*What you should do*:
Using the listing below, copy exactly the lines from the one containing "For Bullet blocks, you" to the one containing "Considering one pair", both lines included, and no others.

*Raw data*:
------------------------------
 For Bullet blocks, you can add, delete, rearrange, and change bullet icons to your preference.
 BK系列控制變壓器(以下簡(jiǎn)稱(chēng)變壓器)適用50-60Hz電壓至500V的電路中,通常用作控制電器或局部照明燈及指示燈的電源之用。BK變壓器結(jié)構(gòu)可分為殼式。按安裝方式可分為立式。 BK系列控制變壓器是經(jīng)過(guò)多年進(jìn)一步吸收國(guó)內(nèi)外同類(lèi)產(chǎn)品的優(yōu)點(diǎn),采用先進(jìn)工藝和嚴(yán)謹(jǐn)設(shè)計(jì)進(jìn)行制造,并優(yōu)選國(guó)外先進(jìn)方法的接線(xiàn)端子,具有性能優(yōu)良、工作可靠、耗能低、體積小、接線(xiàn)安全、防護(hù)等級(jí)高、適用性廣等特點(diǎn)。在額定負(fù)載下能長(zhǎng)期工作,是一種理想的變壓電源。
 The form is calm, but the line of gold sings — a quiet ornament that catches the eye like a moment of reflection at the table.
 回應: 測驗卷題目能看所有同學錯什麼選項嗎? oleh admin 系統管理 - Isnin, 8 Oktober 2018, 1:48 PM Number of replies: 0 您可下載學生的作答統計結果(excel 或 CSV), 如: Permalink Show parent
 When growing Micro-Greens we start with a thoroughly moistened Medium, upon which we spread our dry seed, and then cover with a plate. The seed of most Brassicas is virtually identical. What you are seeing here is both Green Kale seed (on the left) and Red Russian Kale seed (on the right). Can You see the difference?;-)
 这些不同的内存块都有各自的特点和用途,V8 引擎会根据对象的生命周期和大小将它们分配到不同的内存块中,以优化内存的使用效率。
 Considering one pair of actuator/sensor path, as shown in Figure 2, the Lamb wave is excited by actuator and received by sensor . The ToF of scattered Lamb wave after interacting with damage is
------------------------------
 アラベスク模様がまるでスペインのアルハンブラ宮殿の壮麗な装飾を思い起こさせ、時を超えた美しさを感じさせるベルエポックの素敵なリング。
------------------------------
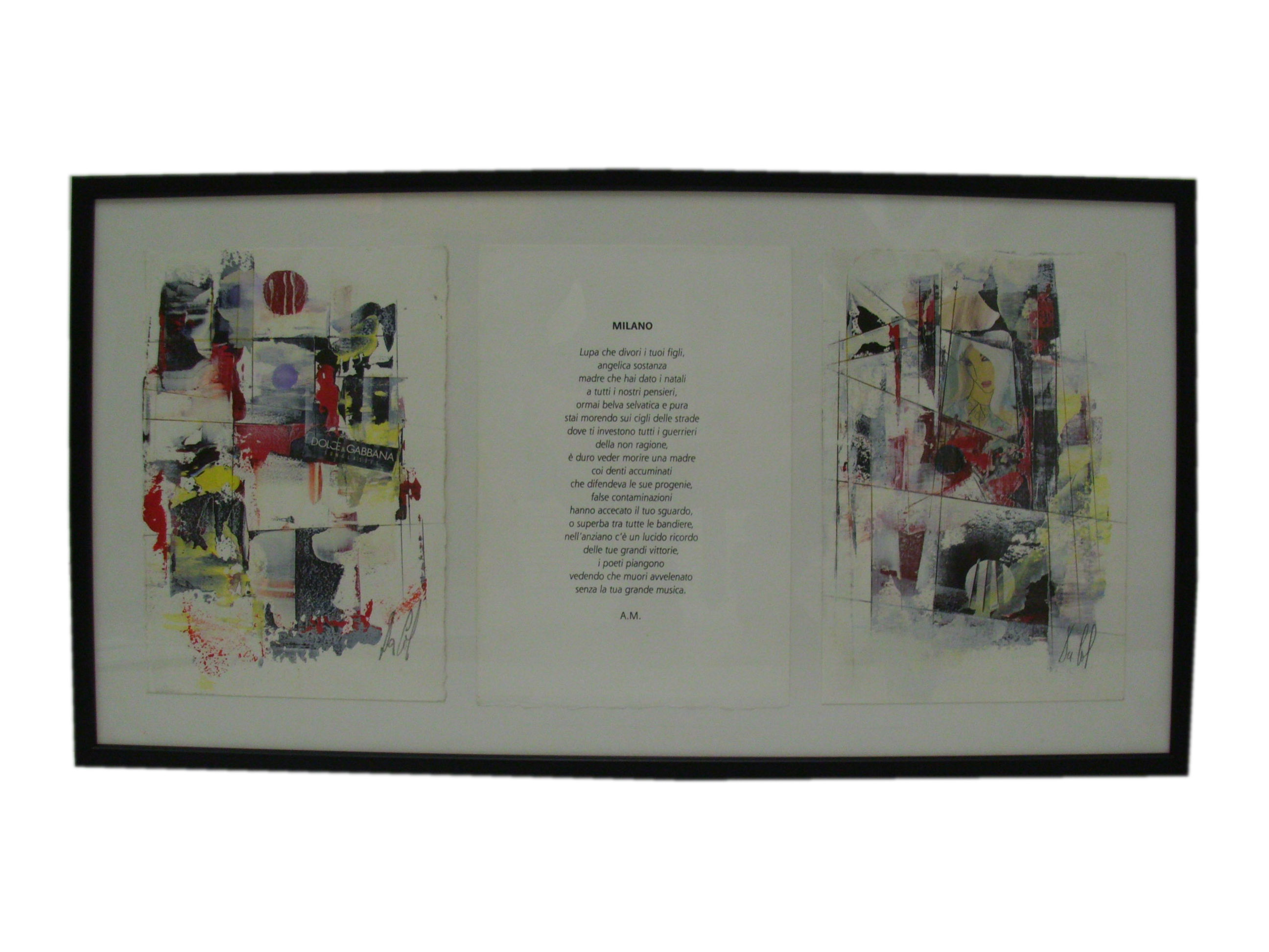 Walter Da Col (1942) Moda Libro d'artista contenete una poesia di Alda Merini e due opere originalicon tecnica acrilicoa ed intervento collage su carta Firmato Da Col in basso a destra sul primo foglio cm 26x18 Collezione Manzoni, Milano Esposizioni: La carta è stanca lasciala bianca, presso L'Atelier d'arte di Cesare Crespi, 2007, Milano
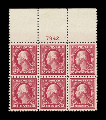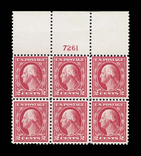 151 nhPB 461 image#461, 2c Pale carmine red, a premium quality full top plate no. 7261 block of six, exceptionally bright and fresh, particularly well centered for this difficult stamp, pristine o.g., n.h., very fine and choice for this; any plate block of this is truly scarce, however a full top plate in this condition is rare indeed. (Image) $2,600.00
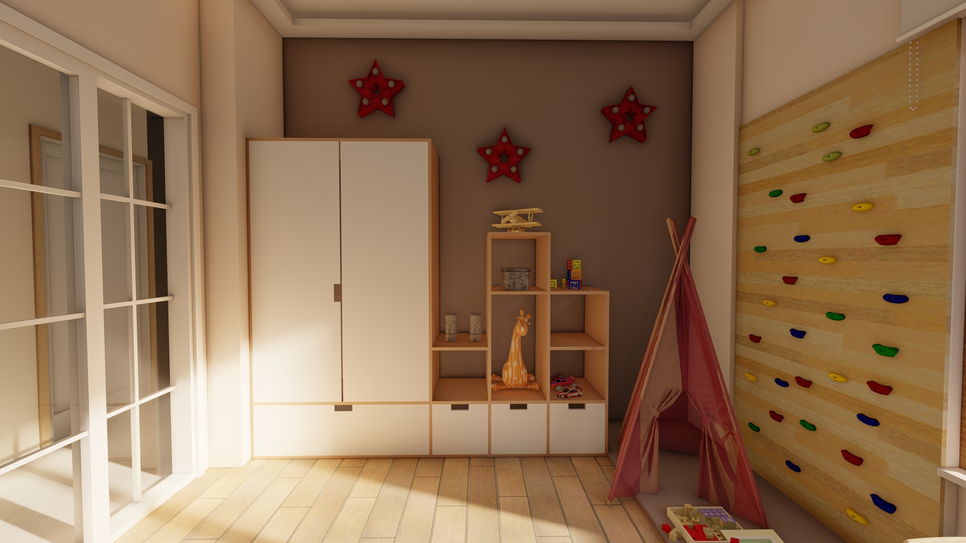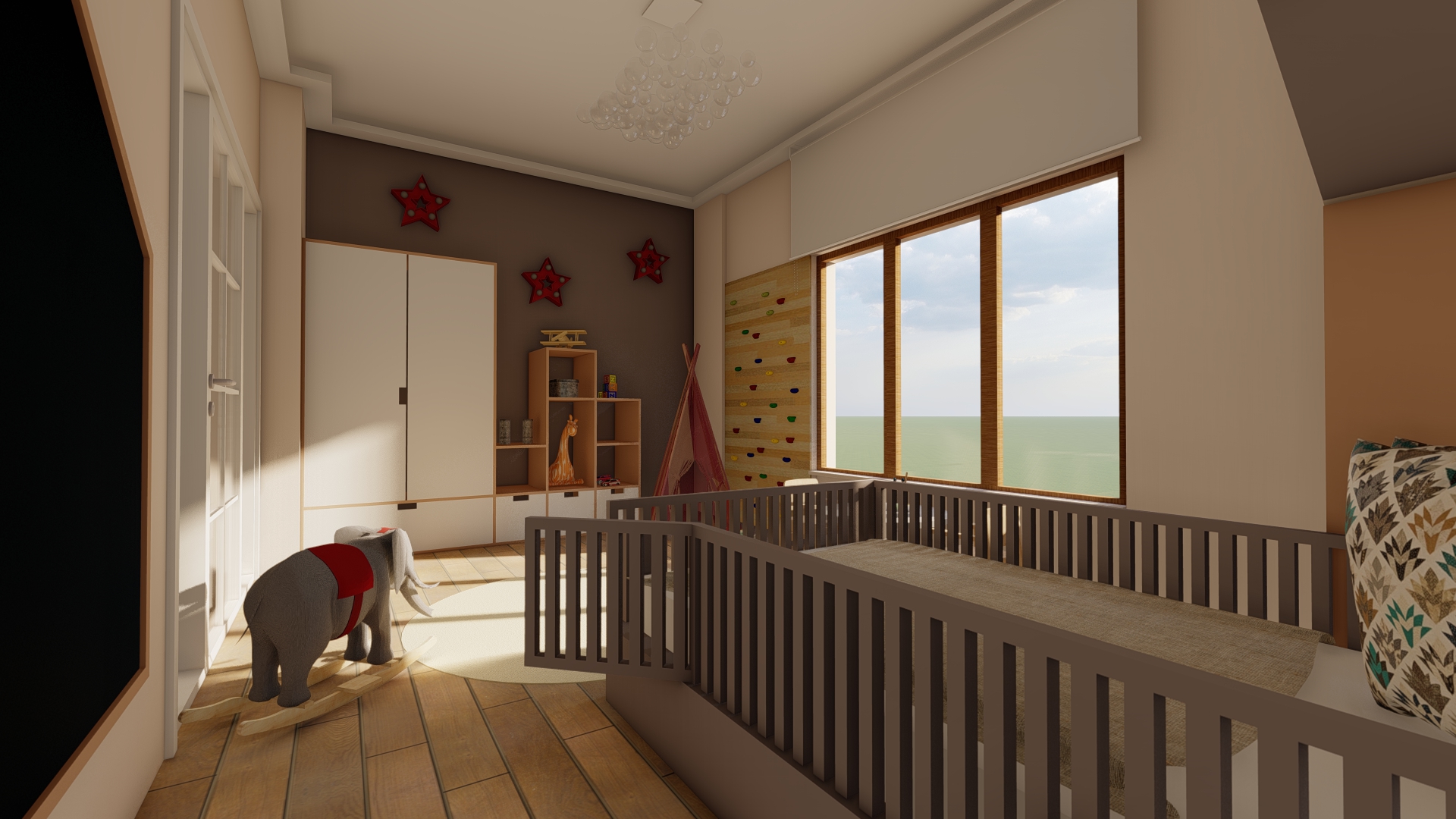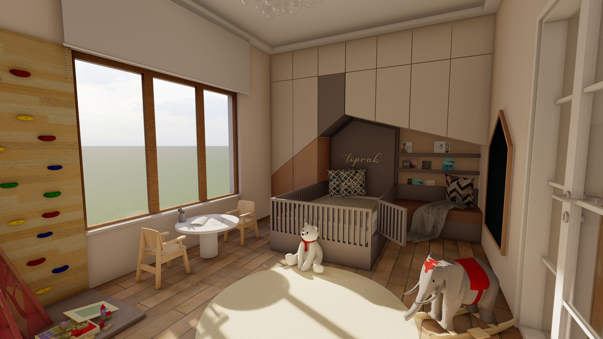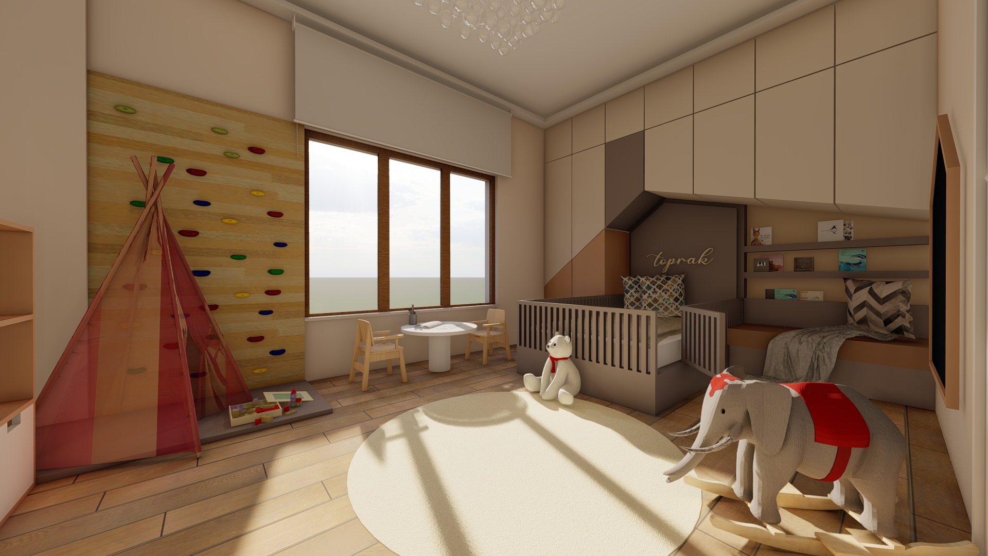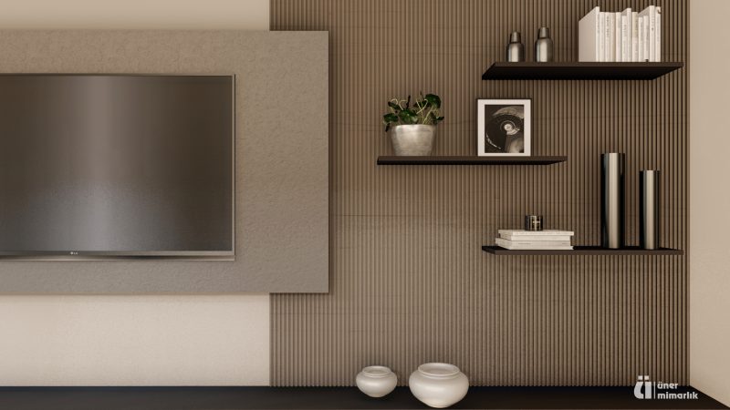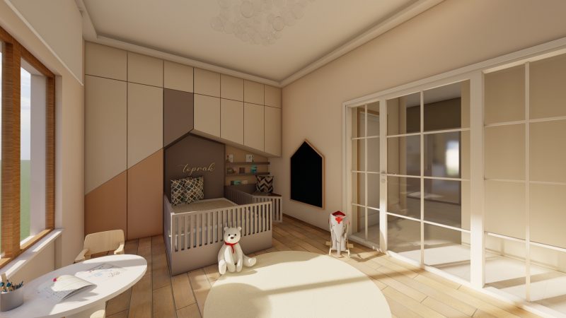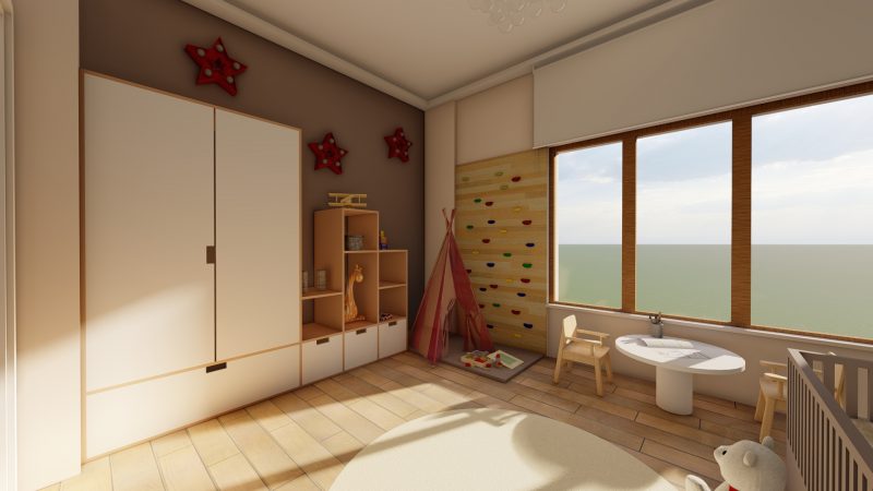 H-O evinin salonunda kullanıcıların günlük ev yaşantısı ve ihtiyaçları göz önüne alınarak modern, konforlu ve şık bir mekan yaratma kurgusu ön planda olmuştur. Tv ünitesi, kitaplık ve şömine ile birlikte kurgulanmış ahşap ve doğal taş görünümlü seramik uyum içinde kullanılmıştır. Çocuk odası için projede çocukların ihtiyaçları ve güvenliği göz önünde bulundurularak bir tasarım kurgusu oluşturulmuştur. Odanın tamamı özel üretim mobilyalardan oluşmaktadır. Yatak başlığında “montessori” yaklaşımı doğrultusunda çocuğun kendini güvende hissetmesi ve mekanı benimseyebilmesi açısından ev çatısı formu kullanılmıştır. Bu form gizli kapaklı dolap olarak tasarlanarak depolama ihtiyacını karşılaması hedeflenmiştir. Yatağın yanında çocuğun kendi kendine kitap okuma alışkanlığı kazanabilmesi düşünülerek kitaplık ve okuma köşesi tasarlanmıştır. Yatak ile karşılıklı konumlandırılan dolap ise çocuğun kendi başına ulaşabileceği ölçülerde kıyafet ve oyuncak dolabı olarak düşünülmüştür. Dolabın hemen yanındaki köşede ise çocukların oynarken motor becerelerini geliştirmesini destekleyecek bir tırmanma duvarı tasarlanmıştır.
------------------------------
*Answer area*:
 For Bullet blocks, you can add, delete, rearrange, and change bullet icons to your preference.
 BK系列控制變壓器(以下簡(jiǎn)稱(chēng)變壓器)適用50-60Hz電壓至500V的電路中,通常用作控制電器或局部照明燈及指示燈的電源之用。BK變壓器結(jié)構(gòu)可分為殼式。按安裝方式可分為立式。 BK系列控制變壓器是經(jīng)過(guò)多年進(jìn)一步吸收國(guó)內(nèi)外同類(lèi)產(chǎn)品的優(yōu)點(diǎn),采用先進(jìn)工藝和嚴(yán)謹(jǐn)設(shè)計(jì)進(jìn)行制造,并優(yōu)選國(guó)外先進(jìn)方法的接線(xiàn)端子,具有性能優(yōu)良、工作可靠、耗能低、體積小、接線(xiàn)安全、防護(hù)等級(jí)高、適用性廣等特點(diǎn)。在額定負(fù)載下能長(zhǎng)期工作,是一種理想的變壓電源。
 The form is calm, but the line of gold sings — a quiet ornament that catches the eye like a moment of reflection at the table.
 回應: 測驗卷題目能看所有同學錯什麼選項嗎? oleh admin 系統管理 - Isnin, 8 Oktober 2018, 1:48 PM Number of replies: 0 您可下載學生的作答統計結果(excel 或 CSV), 如: Permalink Show parent
 When growing Micro-Greens we start with a thoroughly moistened Medium, upon which we spread our dry seed, and then cover with a plate. The seed of most Brassicas is virtually identical. What you are seeing here is both Green Kale seed (on the left) and Red Russian Kale seed (on the right). Can You see the difference?;-)
 这些不同的内存块都有各自的特点和用途,V8 引擎会根据对象的生命周期和大小将它们分配到不同的内存块中,以优化内存的使用效率。
 Considering one pair of actuator/sensor path, as shown in Figure 2, the Lamb wave is excited by actuator and received by sensor . The ToF of scattered Lamb wave after interacting with damage is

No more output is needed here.